As such, regular physical exercise is a classic example of how metabolic flexibility is regulated by transcription factors. During acute exercise, an increased AMP/ATP ratio, sensed by AMPK, increases transcription, translation, and activity of the transcriptional coactivator PPAR gamma coactivator 1-alpha (PGC1α) (40, 48). PGC1α is a regulator of exercise-induced adaptations in the capacity of oxidative phosphorylation (OXPHOS) in skeletal muscle (49, 50). In particular, PGC1α interacts and coactivates many transcription factors and nuclear receptors that are involved in mitochondrial energy homeostasis and metabolic adaptations, such as nuclear respiratory factors (NRFs) and PPARs. NRFs regulate the expression of nuclear genes encoding OXPHOS proteins, and PPARs regulate the transcription of genes that encode enzymes involved in lipid transport and catabolism (51). The increase of mitochondrial biogenesis and FAO improves insulin sensitivity.
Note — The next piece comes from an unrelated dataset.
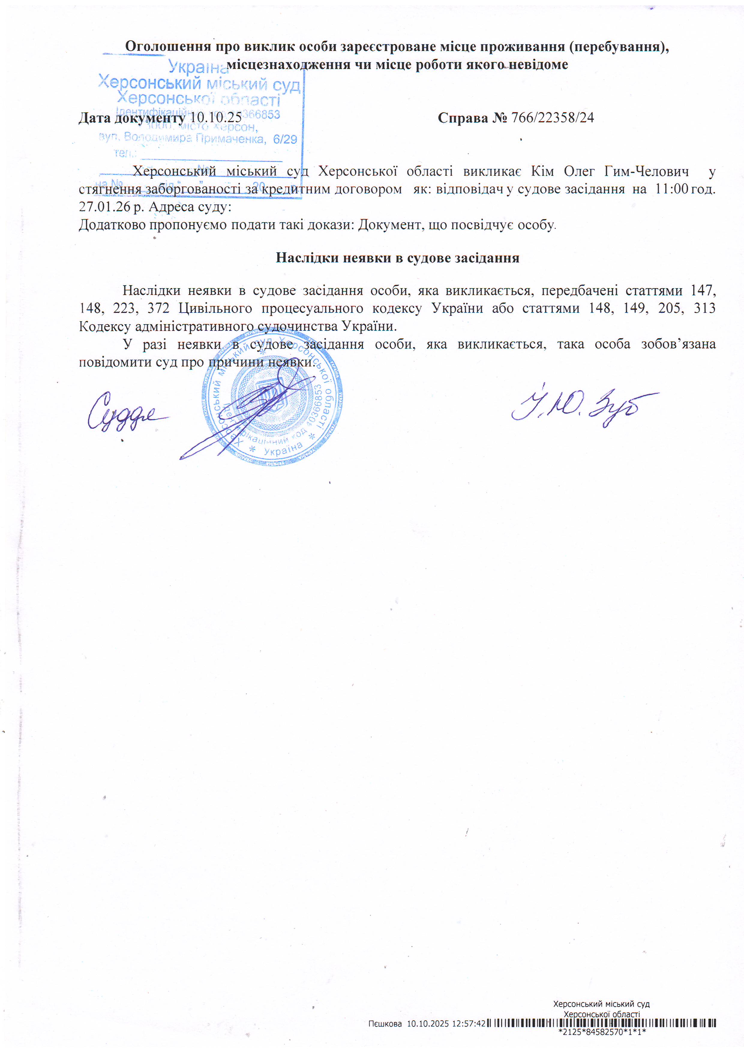 ОГОЛОШЕННЯ ПРО ВИКЛИК ДО СУДУ

The role of PGC1α in metabolic flexibility is underlined by observations that basal PGC1α skeletal muscle expression is reduced in sedentary subjects (49).
Hibernation and cold exposure
Research in migratory birds (53), killifish (54), and in animals that enter states of torpor or hibernation (55) has revealed that temperature can influence metabolic reprogramming and metabolic flexibility.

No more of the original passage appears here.